▸ Your objective: The answer must reproduce the listing exactly, with every picture left out.

▸ Recorded information:
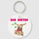 A cute monkey with a pink flower swings by her tail from a branch and pink text reads "Big Sister" on big sister T-shirts, key chains, cards, stickers, tote bags, magnets, mousepads, pillows, and other big sister apparel and gifts!
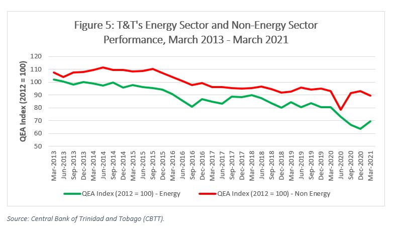 Noting that the domestic economy remains sensitive to the prices of hydrocarbon commodities, we turn our attention to the sectoral composition of economic activity itself. The Quarterly Index of Real Economic Activity (QEA), an economic performance indicator compiled by the Central Bank of Trinidad and Tobago, shows that energy sector output at March 2021 stood at only 69.5% of its 2012 level, while non-energy sector output was 89.4% of its 2012 level (see Figure 5). By this measure, the non-energy contribution to output has risen, and so in a literal sense the economy has become more diversified away from oil and gas. However, this change in relative terms cannot hide the reality that overall output in both the energy and non-energy sectors has declined significantly within that same time.
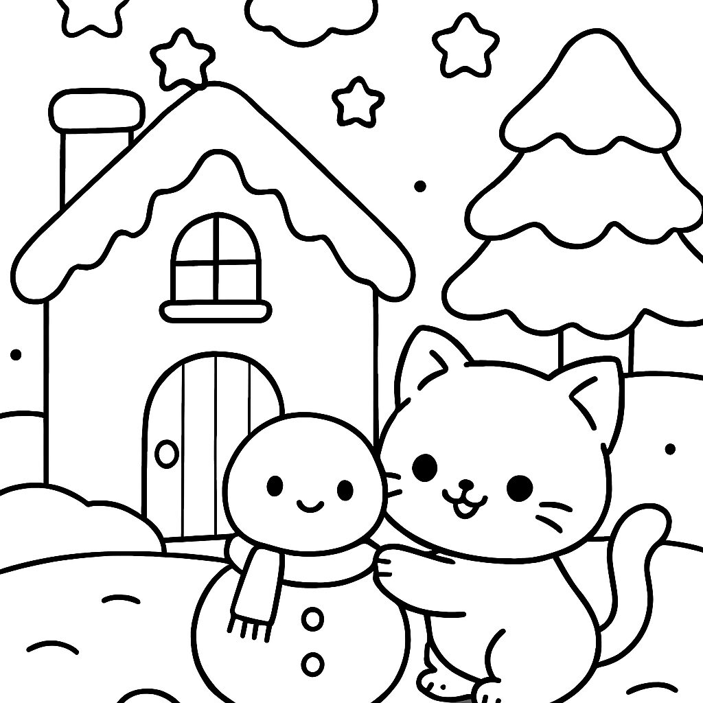 Un adorabile gatto abbraccia un pupazzo di neve davanti a una casetta, circondati da alberi e stelle, in un disegno da colorare invernale.

▸ Task output:
 A cute monkey with a pink flower swings by her tail from a branch and pink text reads "Big Sister" on big sister T-shirts, key chains, cards, stickers, tote bags, magnets, mousepads, pillows, and other big sister apparel and gifts!
 Noting that the domestic economy remains sensitive to the prices of hydrocarbon commodities, we turn our attention to the sectoral composition of economic activity itself. The Quarterly Index of Real Economic Activity (QEA), an economic performance indicator compiled by the Central Bank of Trinidad and Tobago, shows that energy sector output at March 2021 stood at only 69.5% of its 2012 level, while non-energy sector output was 89.4% of its 2012 level (see Figure 5). By this measure, the non-energy contribution to output has risen, and so in a literal sense the economy has become more diversified away from oil and gas. However, this change in relative terms cannot hide the reality that overall output in both the energy and non-energy sectors has declined significantly within that same time.
 Un adorabile gatto abbraccia un pupazzo di neve davanti a una casetta, circondati da alberi e stelle, in un disegno da colorare invernale.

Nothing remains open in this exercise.